State of UK Press…Biting the Hand That Feeds Them?

Submitted by Ross Ashcroft on March 10, 2009 – 3:44 pmNo Comment
State of UK Press…Biting the Hand That Feeds Them?

Five months ago The Renegade Economist (conservatively) estimated that $45trn of global wealth was going to be being wiped out. The response from the UK press was indifference. Although the figures were reported globally, there was sceptical silence in Blighty. Why?

The Asian Development Bank warned on Monday that an estimated fall of $50trn in the value of financial assets worldwide might have been exceeded. This is equivalent to a year’s global economic output.

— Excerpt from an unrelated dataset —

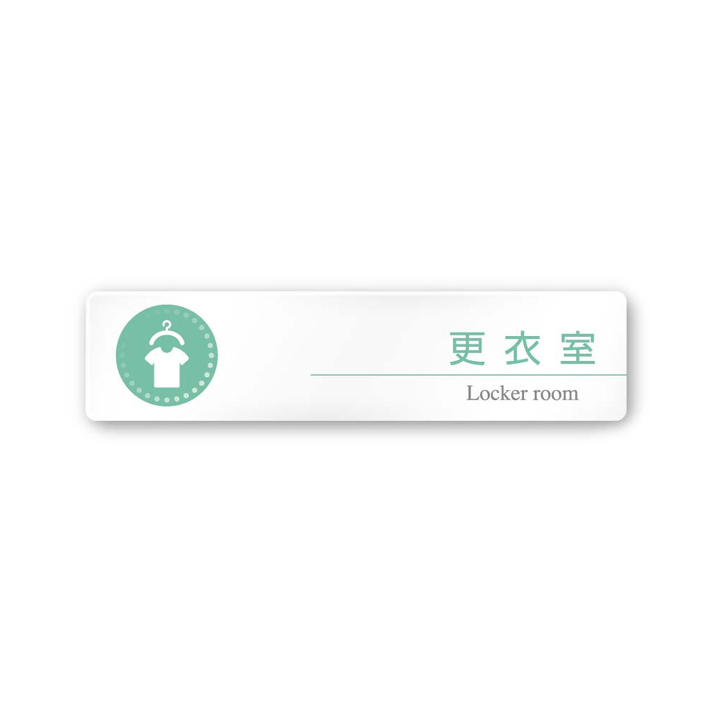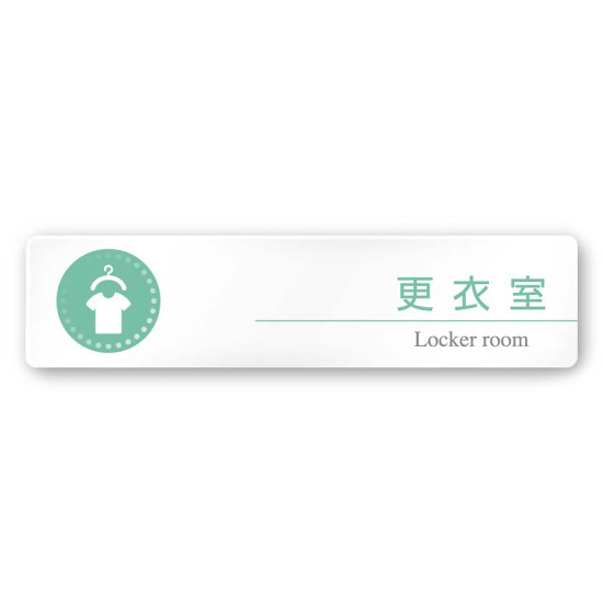 商品説明:デザイナールームプレート 丸ピクト 更衣室 白マットアクリル W250×H60 (AC-2560-HA-HN1-0209)

The Renegade Economist prediction was published six months before anyone else got round to doing the sums – a necessary exercise to help governments that want to combat deflation. So what does their silence say about the state of the media?

Buffet

People tend to quote pearls of Warren Buffet wisdom, but one insight of his insights is constantly overlooked: dumb down journalists and you get a dumbed nation. I’m not saying that British journalists are ‘dumb’ – they are not. But one cannot help suspecting that British hacks are more compromised at a time, ironically, when they can communicate freely to the whole world. As ‘news’ channels continually propagate the banal, the consequences of journalists failing to do their job are grievous.

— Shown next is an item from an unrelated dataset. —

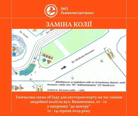 "В ніч з 9 на 10 серпня будуть проводитися підготовчі роботи для заміни трамвайної колії вул. Винниченка, 10-12 (в напрямку до центру). А вже з понеділка, 12 серпня, працівники служби колії ЛКП "Львівелектротранс" планують замінити 50 м аварійної колії та, відповідно, провести замощення міжколійного простору бруківкою. Роботи проводитимемо виключно у нічний час, аби не впливати на зміну трамвайного руху за затвердженими маршрутами. Тому трамваї № 1, 2, 7, 9 вдень курсуватимуть за звичним маршрутом.

On that sleepy Wednesday last October, $45,000,000,000,000 wiped out globally was surely the biggest story in town? Sadly, it wasn’t, in London. Arbitrary defence cuts, celebrity tattoos, Brown vacillating over the banking crisis, some politician’s expenses and footballers with three nipples took precedent.

But to whose detriment?

A Missed Opportunity

Yes, journalists are compromised – some because of a desire to fly on the Prime Minister’s plane and eat vol-au-vents in the inner sanctum, others because of the vested interests of morally bankrupt media magnates.

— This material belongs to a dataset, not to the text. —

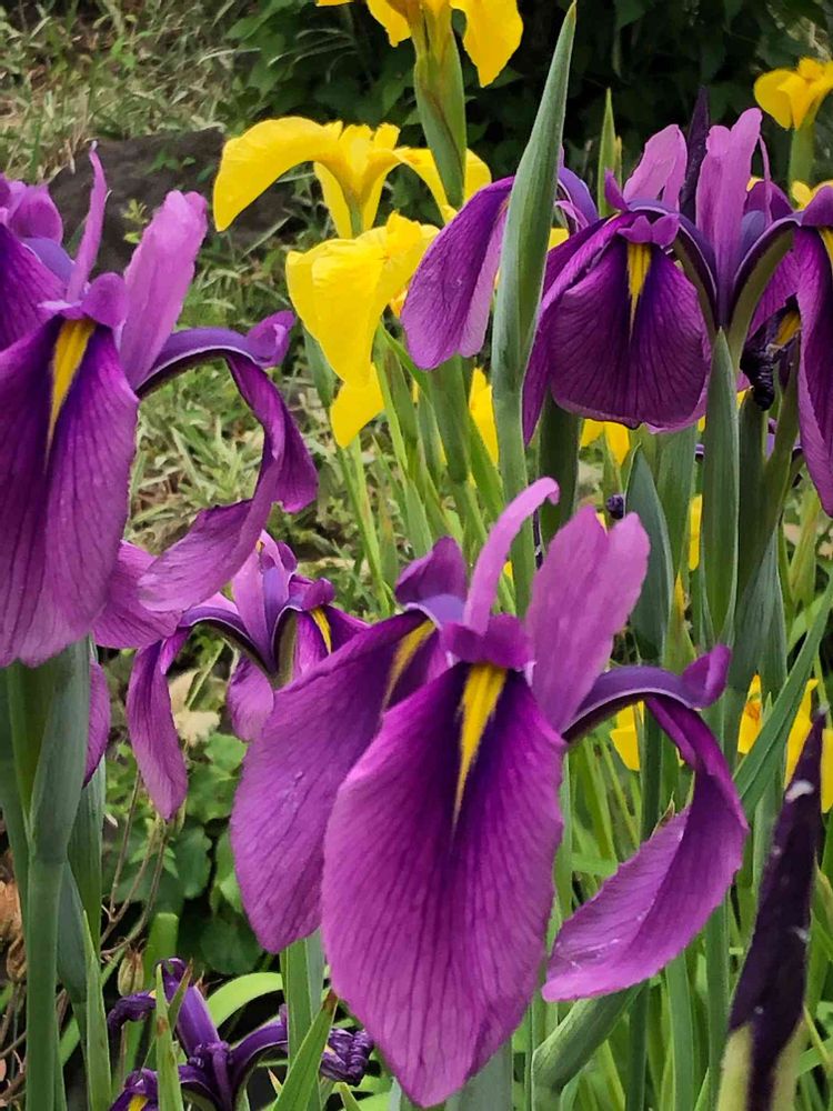 池だった所に植えた杜若と花菖蒲咲いています

But we all lose when they fail to stand back and understand the fundamentals.

Journalists should know there is no necessary connection between the rate of inflation and house prices. If reporters understood the basics, Brown would not get away with his outburst at 30,000ft.  ”House prices were high because of a lack of supply,” he said. “If inflation is low, people are going to borrow money to buy houses. You can’t stop that. You don’t understand it.” Rubbish – you could have had him!

We need stronger journalism. Most journalists are too worried about their careers to put Gordon Brown on the spot.

“Smelly Little Orthodoxies”

Context, dissent and independent thinking are not to be sneered at as some quaint privilege from yesteryear. Once great liberal newspapers whose journalists produced a pioneering charter of editorial independence are now purveyors of what George Orwell called “smelly little orthodoxies” wrapped in saccharine lifestyle supplements. This simply won’t do.

If we allow the state media circus to become a freak show, all of us will be killed by weapons of hysterical distraction and be rest assured – that won’t be reported.